What Is Killing the U.S. Dollar?
As of late, what is killing the U.S. dollar is the second round of quantitative easing, dubbed “QE2.” Ben Bernanke is no stranger to criticism, from economists to lawmakers alike, but the latest bout of criticism is not U.S.-centric only. Even international policymakers have started berating Bernanke for being the world reserve currency’s worst keeper.
What has everyone in such an uproar? The Federal Reserve is likely to dump more money into the financial systems. As the world waits for that to happen, the U.S. dollar keeps on declining against other world currencies. Not even the weekend G-20 finance ministers’ meeting did much on the front of helping the greenback. It seems the U.S. dollar is the only currency in the history of currencies to be treated as both the world’s reserve currency and the global currency markets’ pariah.

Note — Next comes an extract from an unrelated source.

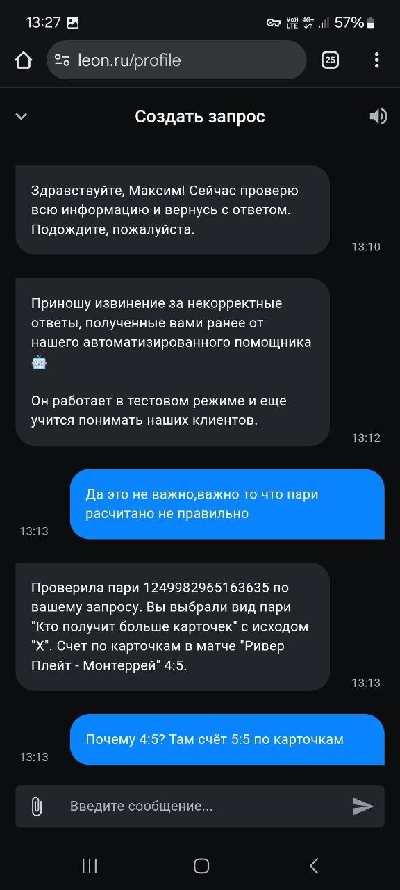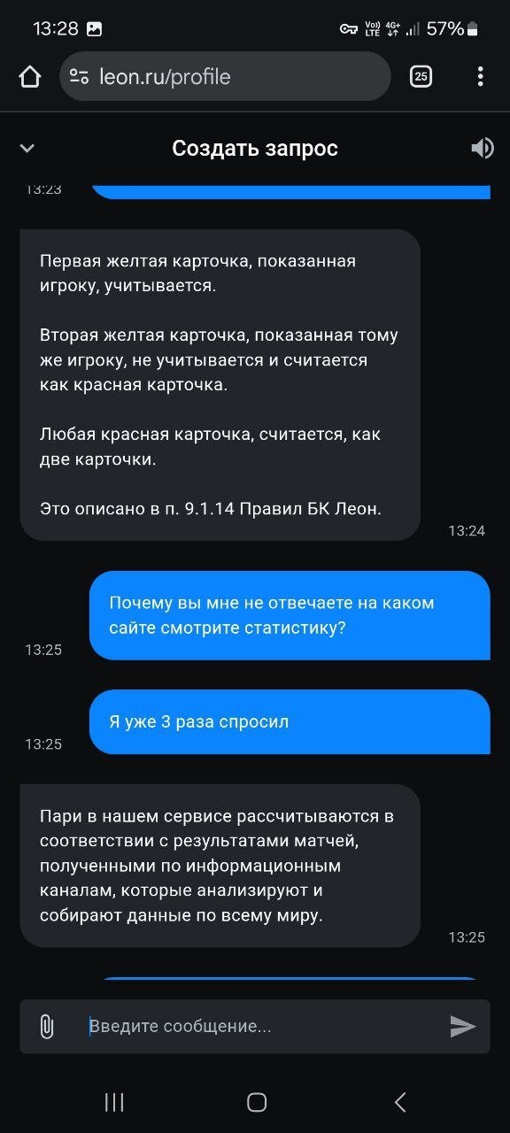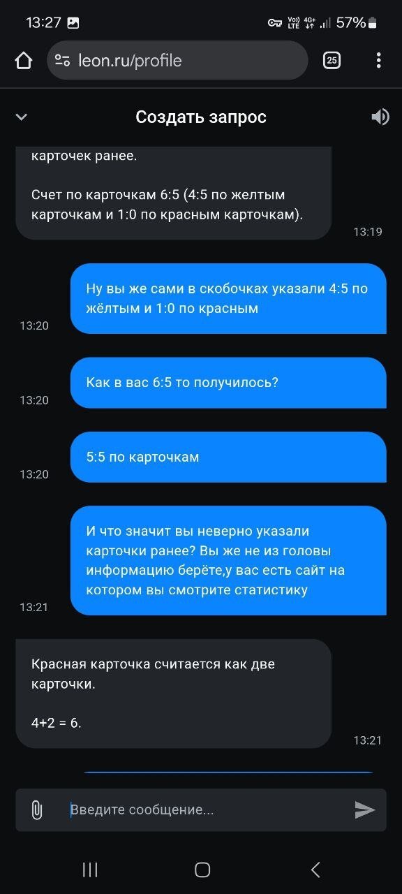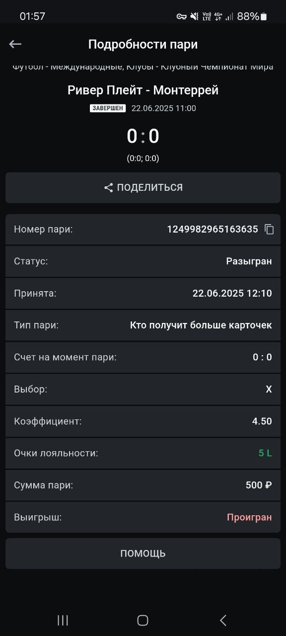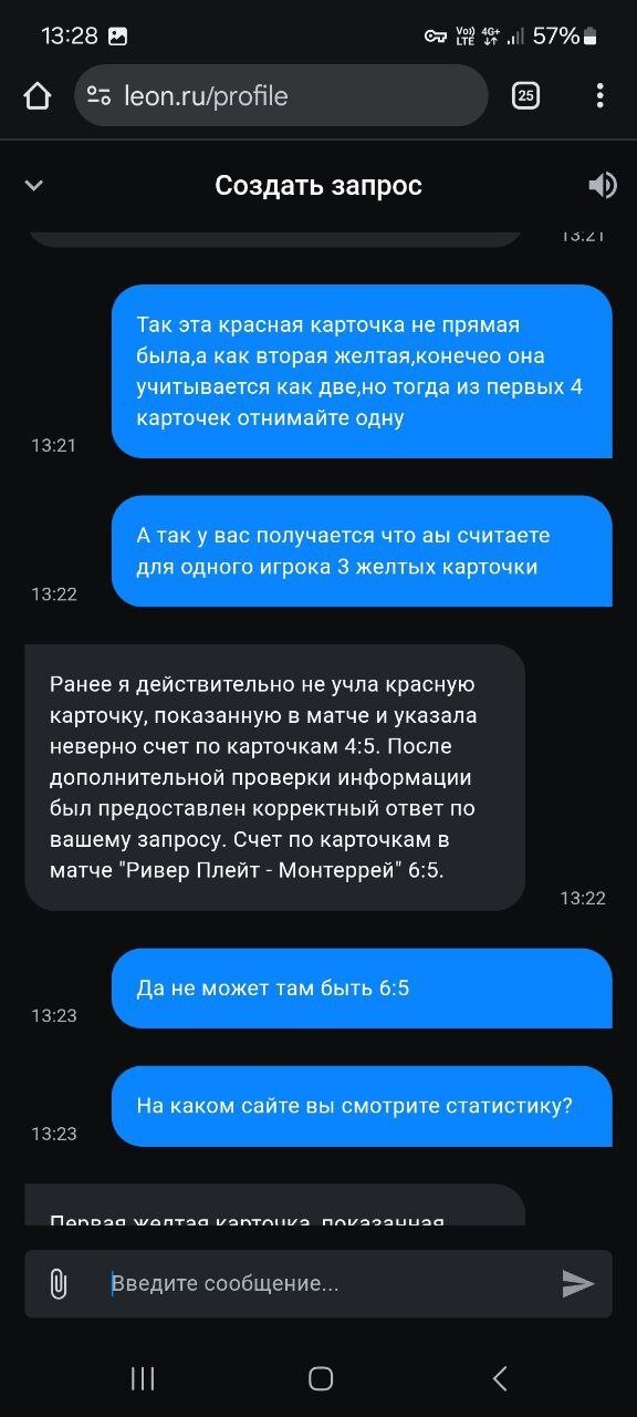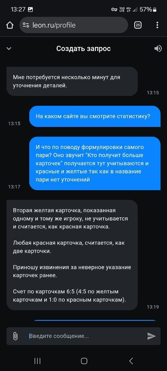 Сделал ставку в матче Ревер плейт - Монтерей на то что будет равное количество карточек, по итогу у Монтерея 5 желтых, а у Ривер плейта тоже 5 жёлтых, но 2 жёлтых было показано одному игроку,соответственно 2 жёлтая превращается в красную,итого получается у Монтерея 5 желтых, у Ривера 4 желтых и 1 красная, но букмекер говорит что считает красную как 2 жёлтых итого по их мнению счёт по карточкам 6:5 в пользу Ривера, я с этим не согласен так как пари звучало "Кто получит больше карточек", там не было уточнения именно про желтые,соответственно считать красную как 2 желтых не уместно. На вопрос с какого сайта они берут статистику они не ответили.

Next week, the Federal Reserve Open Market Committee will meet, at which time it is expected that more QE will be approved, probably in the form of the Fed buying billions of dollars worth of government securities. What do Bernanke’s counterparts around the world think about this? If we ask Germany’s finance minister, Rainer Brüderle, his answer is, “An excessive, permanent increase in money is, in my view, an indirect manipulation.”
It seems the term “currency war” has gone viral. It has been adopted like the ugly puppy no one wants, but no one can turn out, from traders to politicians to currency analysts. The designated bogeyman of the day is China, which is keeping its yuan currency on a tight leash and causing all kinds of volatility in the global markets and on the international trade stage. You know it is bad news for the U.S. dollar when the only currency declining against it is Colombia’s peso, and not because of the greenback’s strength, but because Colombia wants to rein in its own peso’s wild upward momentum.
In Bernanke’s defense, it is not as if he can determine policy based solely on the greenback’s value or in response to the volatility in the global currency markets. To do that, Bernanke would have to defy Congress itself.
The Fed operates in a democracy and, in this context, the central bank has some leeway against political pressures, as long as it delivers on its mandate. This mandate involves two primary objectives: maintaining stable price levels; and reaching as high an employment rate as practicable. I don’t have to tell you that the Fed is failing miserably on both counts. Deflation remains a threat and the labor market in the U.S. is in a shambles. So, either Bernanke figures out how to stabilize prices and fix the labor market or he’ll have some tough explaining to do before Congress. And the only way Bernanke figures he will be able to deliver on his obligations is to unleash the QE2, albeit at the expense of the U.S. dollar.
The world’s reaction to this is expressly negative. Joseph Stiglitz, a Nobel Prize winner in economics and a professor at Columbia University, said, “The U.S. will always focus disproportionately on its own interests. In this case, what is a concern to me is that the U.S. is getting very little benefit out of this measure, but is imposing a really large cost on the rest of the world.” I would agree with Stiglitz, and add that this is what usually happens when you are caught between a rock and a hard place.